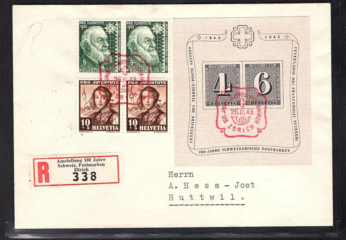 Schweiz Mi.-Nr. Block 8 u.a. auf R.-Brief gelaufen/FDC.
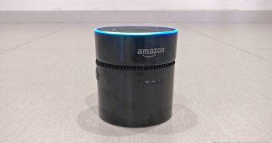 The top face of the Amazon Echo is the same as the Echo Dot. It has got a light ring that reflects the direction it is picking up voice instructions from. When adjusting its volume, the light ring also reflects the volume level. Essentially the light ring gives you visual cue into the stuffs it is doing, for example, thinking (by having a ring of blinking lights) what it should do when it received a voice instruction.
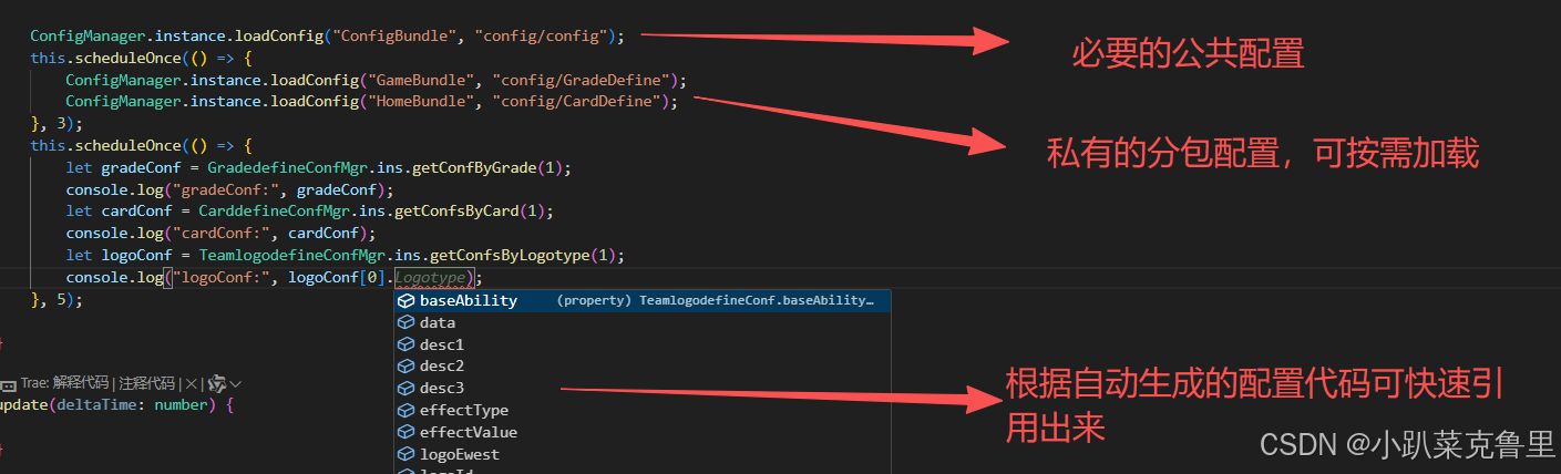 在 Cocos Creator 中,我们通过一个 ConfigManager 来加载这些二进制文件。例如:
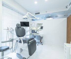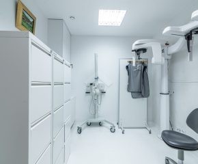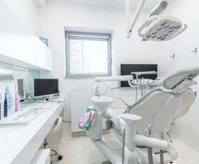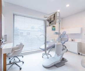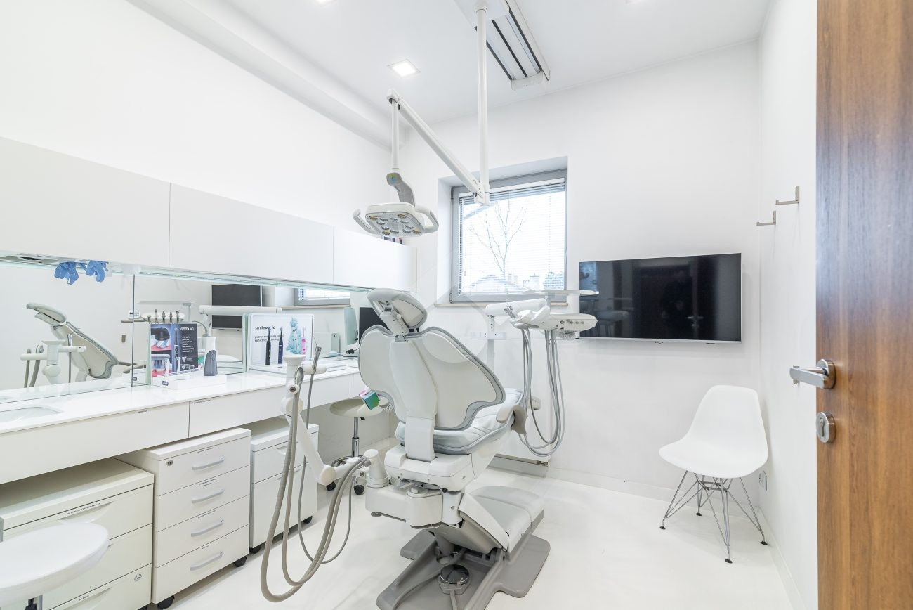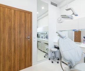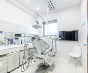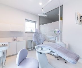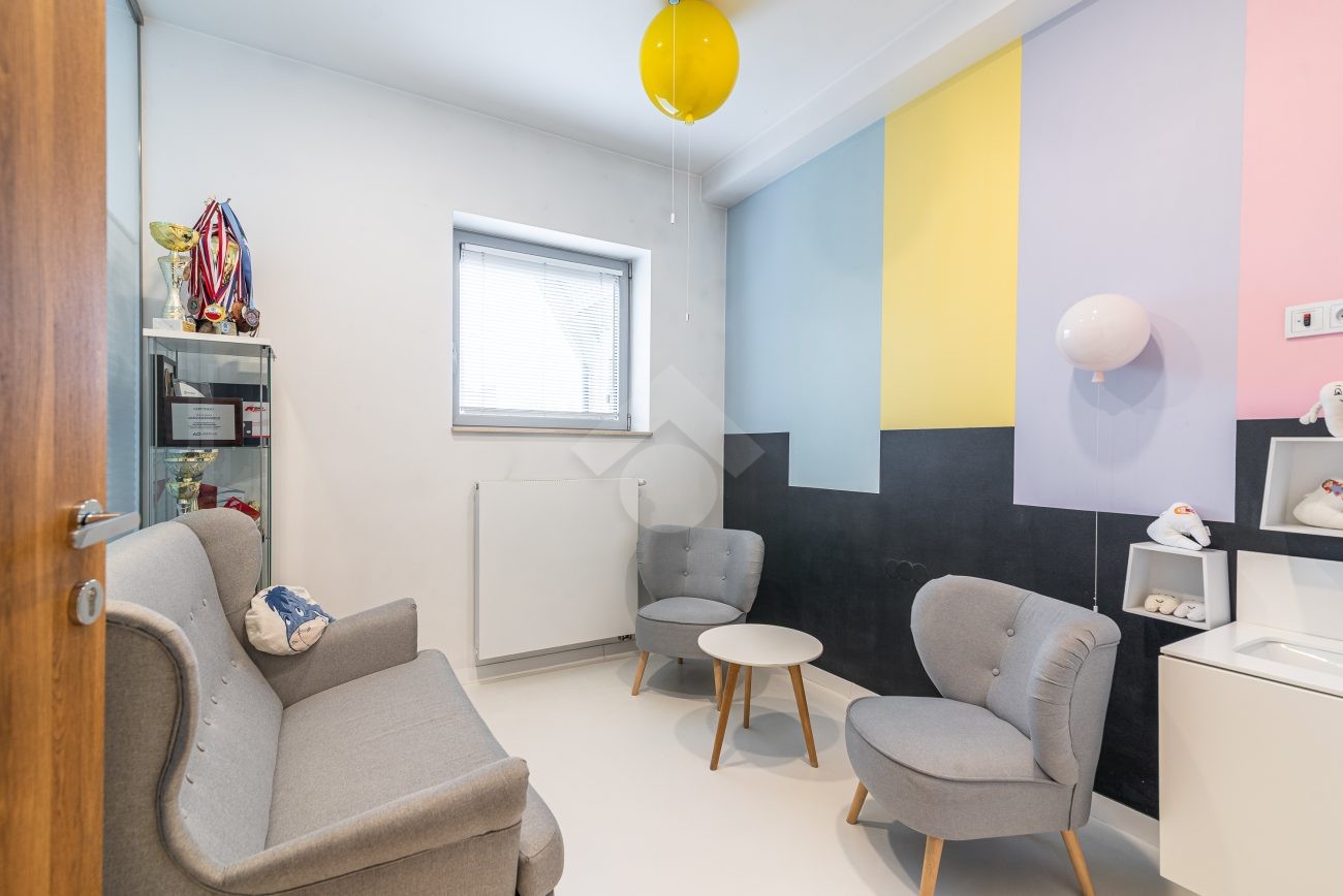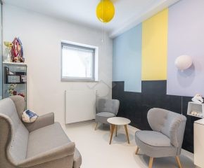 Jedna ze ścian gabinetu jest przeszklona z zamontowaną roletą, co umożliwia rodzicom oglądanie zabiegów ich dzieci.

^^^^^^^^^^^^^^^^

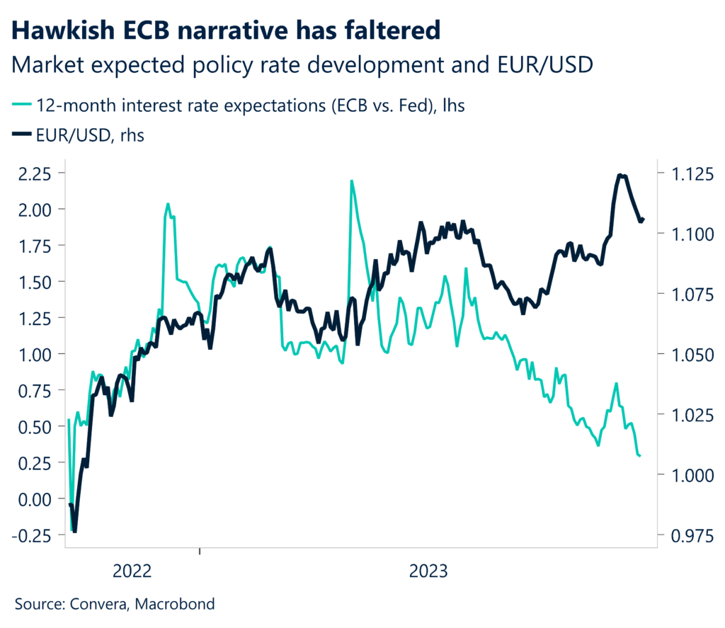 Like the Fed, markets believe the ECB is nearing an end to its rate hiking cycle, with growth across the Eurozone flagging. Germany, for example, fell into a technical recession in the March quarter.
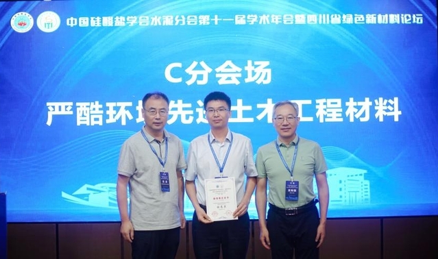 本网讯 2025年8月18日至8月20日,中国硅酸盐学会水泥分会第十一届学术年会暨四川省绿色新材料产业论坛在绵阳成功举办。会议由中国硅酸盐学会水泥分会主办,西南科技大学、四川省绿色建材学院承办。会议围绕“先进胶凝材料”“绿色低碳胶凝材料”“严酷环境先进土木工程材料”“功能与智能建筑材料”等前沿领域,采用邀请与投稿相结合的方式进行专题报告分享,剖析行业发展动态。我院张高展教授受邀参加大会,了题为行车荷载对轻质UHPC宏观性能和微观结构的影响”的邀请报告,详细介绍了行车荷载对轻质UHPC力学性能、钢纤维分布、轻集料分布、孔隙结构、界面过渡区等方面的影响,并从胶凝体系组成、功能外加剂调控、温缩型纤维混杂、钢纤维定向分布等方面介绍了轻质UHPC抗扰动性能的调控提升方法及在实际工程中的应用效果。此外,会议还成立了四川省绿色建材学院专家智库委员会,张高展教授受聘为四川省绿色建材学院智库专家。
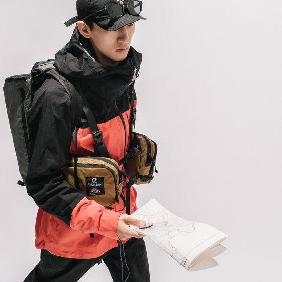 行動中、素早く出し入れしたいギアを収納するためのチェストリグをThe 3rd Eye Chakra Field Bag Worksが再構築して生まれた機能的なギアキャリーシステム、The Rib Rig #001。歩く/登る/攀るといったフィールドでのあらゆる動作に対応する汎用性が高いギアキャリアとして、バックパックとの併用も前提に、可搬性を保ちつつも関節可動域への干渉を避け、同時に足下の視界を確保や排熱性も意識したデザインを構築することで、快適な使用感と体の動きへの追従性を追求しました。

^^^^^^^^^^^^^^^^

• **WORK ORDER**
Would you restate, exactly and with no pictures, the lines of the entries above from the one containing "The top face" through the one containing "Jedna ze ścian"?

• **SOLUTION FOR THIS EXERCISE**
 The top face of the Amazon Echo is the same as the Echo Dot. It has got a light ring that reflects the direction it is picking up voice instructions from. When adjusting its volume, the light ring also reflects the volume level. Essentially the light ring gives you visual cue into the stuffs it is doing, for example, thinking (by having a ring of blinking lights) what it should do when it received a voice instruction.
 在 Cocos Creator 中,我们通过一个 ConfigManager 来加载这些二进制文件。例如:
 Jedna ze ścian gabinetu jest przeszklona z zamontowaną roletą, co umożliwia rodzicom oglądanie zabiegów ich dzieci.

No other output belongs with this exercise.